The analysis of variance shows that canola variety and knife type, and tilt angle of knives had significant effects on stem shearing strength at 1% and 5% confidence, respectively (on one level of nitrogen fertilizer, 200 kg ha^-1). The effects of tilting angle can be explained by the change of contact area between the knife and the stem, while cutting has accrued and by the physical properties of stem tissues (Tab. 1). With the low correlation coefficient between moisture content and shearing force, it is obvious that the short-range changes in moisture content during the experiment (52% to 60% w.b.) have no effect on canola stem shearing force. Energy consumption can be reduced by choosing the appropriate knife for shearing canola stems (Tab. 2). Greater engagement of the serrated edge knife with the stem than with the smooth one and the increase in friction are the main causes for increasing energy consumption by 23%.

Second RCBD analysis with suitable knives type and tilting angle was performed to study the effect of canola variety and three levels of nitrogen fertilizer on the shearing strength of canola stems and crop yield revealed that the levels of nitrogen fertilizer had no significant effects on stem shearing strength; however, canola variety (P < 0.01) (Tab. 3) and the levels of nitrogen fertilizer had significant effects on the shearing energy (Fig. 2), plant height and biomass yield (P < 0.01) (Tab. 4). Plant height and biomass yield increased with increasing nitrogen fertilizer while, shearing energy decreased. More nitrogen utilization efficiency in canola cultivars produced larger plant biomass [16] so, changing stem diameter in taller plant, and different development of collenchymas and peculiarities of stem architectonics, causes different strength [15]. There was positive relationship between shearing force and cellulose or ADL content. Results showed that canola variety had significant effect (P < 0.01) on petiole length and siliques. By counting the seeds inside each silique, it was observed that nitrogen fertilizer had no significant effect on the amount of siliques seed and the weight of each 1000-seeds (Tab. 4). Meanwhile, Saleem [13] showed that the yield and yield attributes were significantly influenced both by nitrogen levels. Improved N-management strategies in winter oilseed cropping, should account for site-specific biological, chemical and physical soil conditions [6,12]. The average number of seeds in each silique was 24 similar to that reported by Morgan [11]. The magnitudes of the biomass yield and plant height in Okapi were higher than Opera and Zarfam, respectively (Tab. 4).

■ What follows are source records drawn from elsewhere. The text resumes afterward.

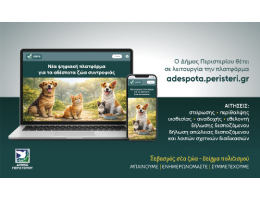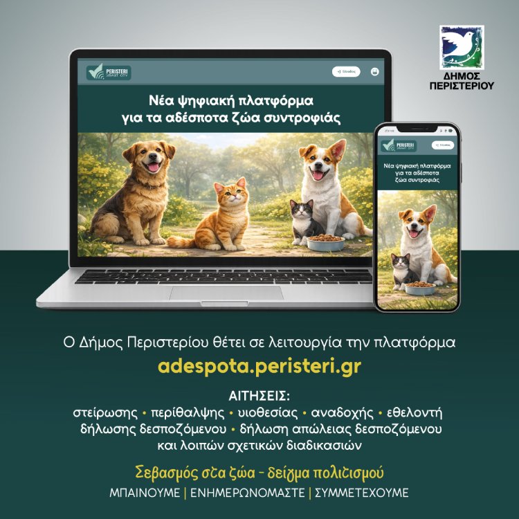 Η Αντιδήμαρχος Κοινωνικής Πολιτικής, Παιδείας, Ισότητας και ΚΕΠ, Μαίρη Τσιώτα - Μάρκου, ανακοινώνει την έναρξη λειτουργίας της νέας ψηφιακής πλατφόρμας adespota.peristeri.gr, με στόχο την αποτελεσματικότερη, σύγχρονη και διαφανή διαχείριση των αδέσποτων ζώων συντροφιάς στον Δήμο Περιστερίου.
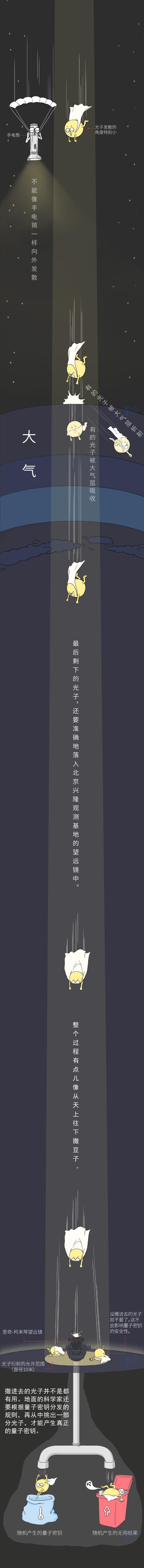 注:如果在卫星和地面站之间的不是太空和大气层,而是一根1200公里长的光纤,量子通信恐怕就搞不成了。
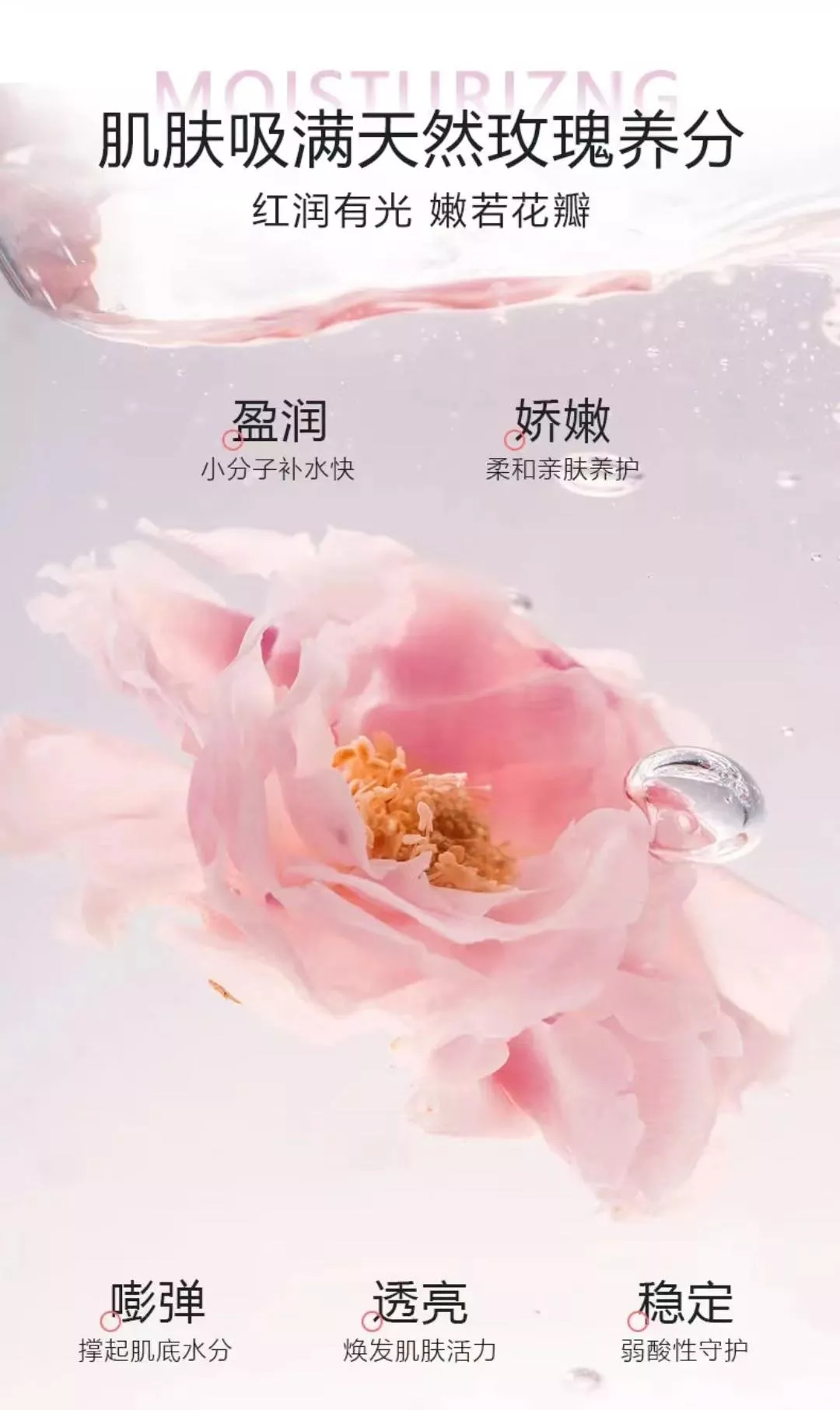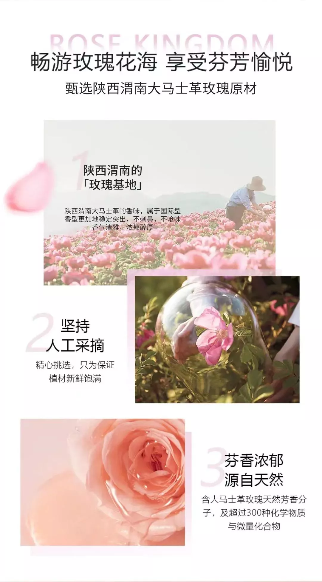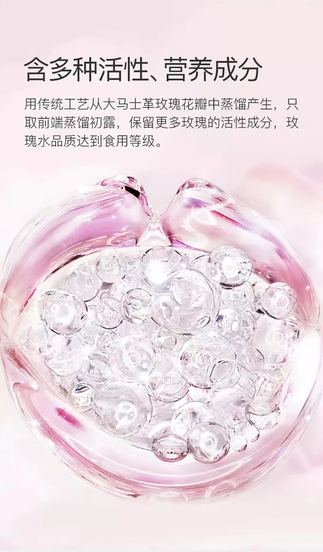 每1000ml的大馬士革玫瑰純露,都含有340朵2.9g左右的初綻玫瑰,包含豐富的玫瑰精油,滴滴菁純 專為明媚水光肌膚而生
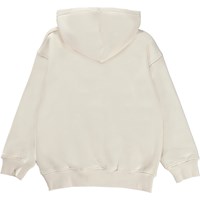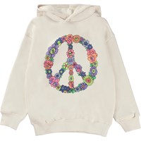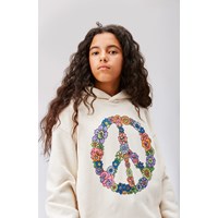 Matt is parelmoerkleurige unisex hoodie met op de voorkant een print van een vredesteken die gemaakt is van bloemen. De hoodie heeft een buidelzak aan de voorkant en rijboorden rond de mouwen en onderkant. Dit product is Oek-Tex gecertificeerd.
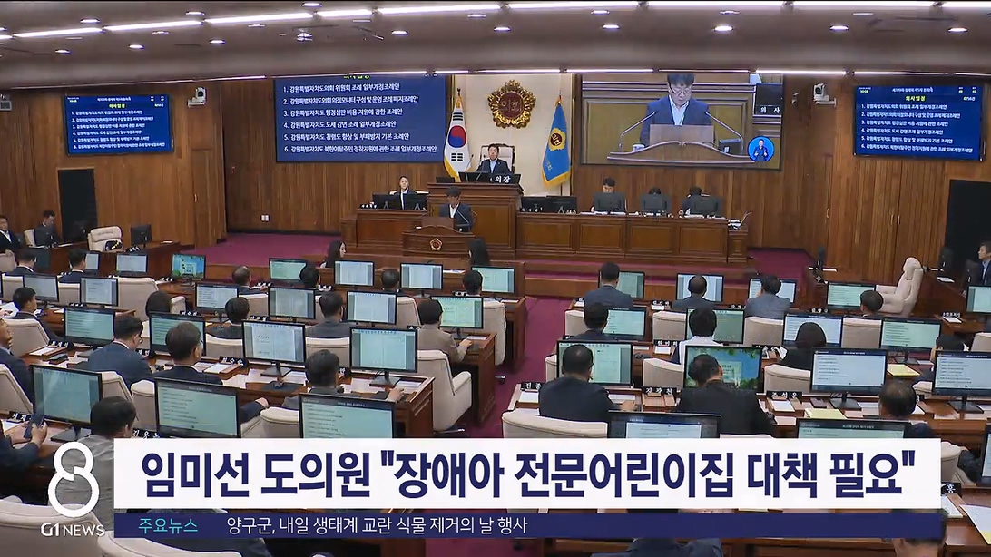 임 의원은 G1뉴스가 보도한 지난 2월 방송을 자료로, "현재 도내 18개 시군에는 12세 이하 장애아동이 총 1,469명이 있고, 장애아 전문어린이집이 있는 지역은 춘천, 원주, 강릉, 삼척 단 4곳에 불과하다"며,
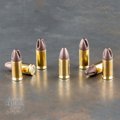 This 9mm round by Inceptor features the ARX, a revolutionary bullet that delivers devastating stopping power -- but without need for a hollow point nose cavity that could have tripped up feeding in a semi-automatic weapon. Instead, the ARX sports three precisely formed grooves that harness, pressurize, and laterally eject the soft tissue they engage up to two times faster than the bullet is traveling. The result is a particularly wide wound channel, the kind no one would like to have punctuating their torso, and a bullet that’s not prone to overpenetration to boot.Such a light bullet for a 9mm! That’s because the ARX contains no lead, and is made of a blend of nylon and copper instead. The insubstantial bullet is able to exit the muzzle exceptionally fast, and it does so without generating much of the recoil that can make follow-up shots less accurate. The ARX can’t lead your bore, and its injection molded design makes each bullet’s in-flight performance essentially interchangeable so can have have an easier time pegging your target.

The maximum value of shearing strength and used energy was recorded for the Opera stems, while Zarfam and Okapi had the minimum value among the three varieties studied (Tab. 5). This difference is due to differences in physical and physiological properties of stem varieties. For example, Zarfam stems are thicker, while Okapi stem is thinner but more solid. The values of shearing strength for the canola stems were lower than those of hemp (3.1–3.8 MPa) [3] but higher than that of sunflower (0.187–1.07 MPa) [7]. Of the 135 canola stem cuts, the values for F-max ranged from 74 to 190 N averaging out to 93 N, which is far lower than that of hemp (67–555 N) [3].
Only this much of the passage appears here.